By comparing the cinematic styles used in the films you have studied for this topic, is it possible to identify a distinctive ‘National Cinema’?
Indian cinema means different things to different people and there are a lot of different cinematic styles originating from the Indian subcontinent. Stereotypically, when western audiences without cultural capital or knowledge think of Indian films the iconic name ‘Bollywood’ comes to mind, or less widely known outside of India, as Hindi films. Bollywood films have come to represent a national identity and as such, have been a metaphor for national cinema. Repetition of a familiar genre template has ensured that these films often encode similar narrative themes and messages that audiences identity with and crucially, many western audiences do not affording in part the status of national or world cinema.

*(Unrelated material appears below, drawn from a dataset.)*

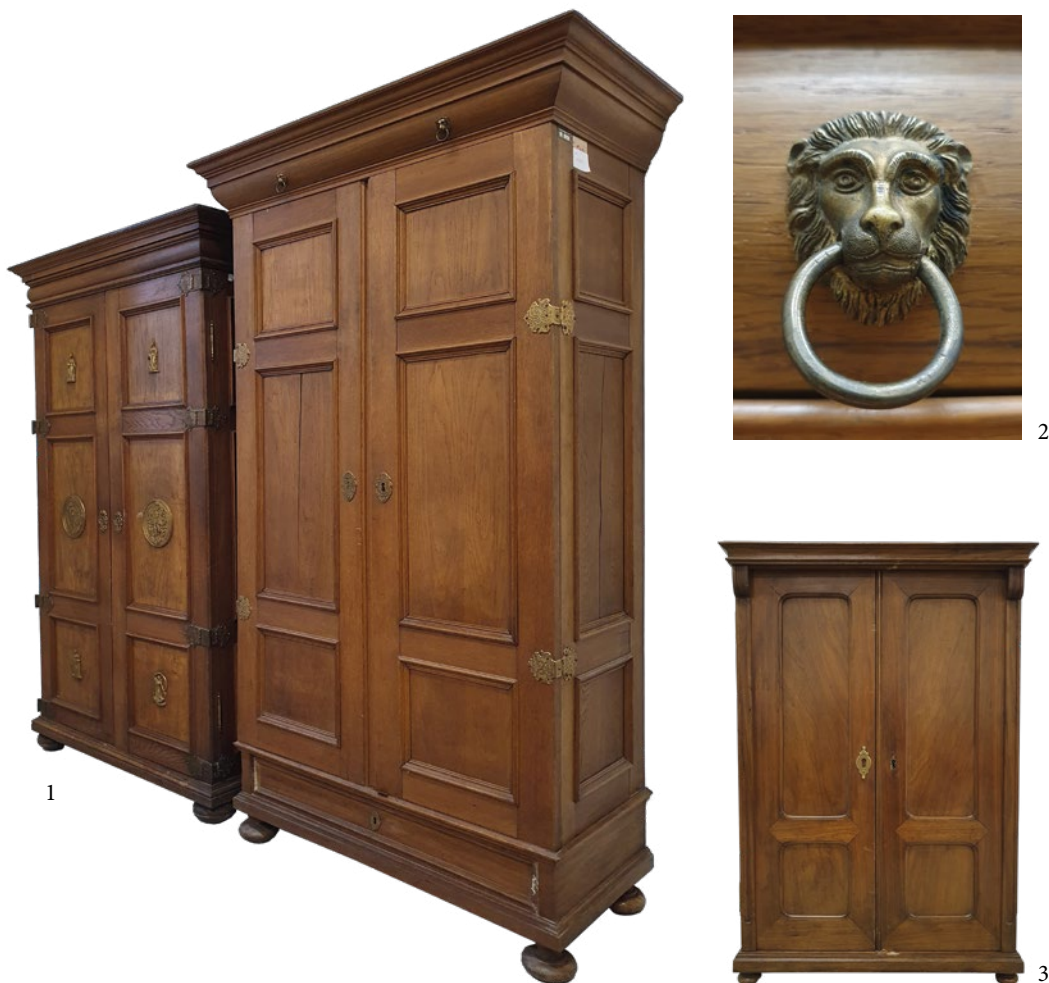
Obr. 1: Tzv. velké skříně I (vlevo) a II (vpravo) původně umístěné v bytu Karla Chaury

Fig. 1: So-called big cabinets I (left) and II (right) originally located in Karel Chaura's apartment

Bollywood is in fact, one part of a disparate Indian film industry involving a range of languages and regional identities – The Hindi Movie, or Bollywood movie is very different in cinematic style from the approach of Satyajit Ray for example who focused more on realist representations in binary opposition to the escapist, musical, romantic melodrama conventions of the Bollywood film. Ray made more documentaries and dramas that had bleaker narrative themes with a darker and grainier mise-en-scene which represented more personal struggle against adversity. Bollywood films stereotypically sang and danced their way through upbeat narratives appealing more to mainstream audiences.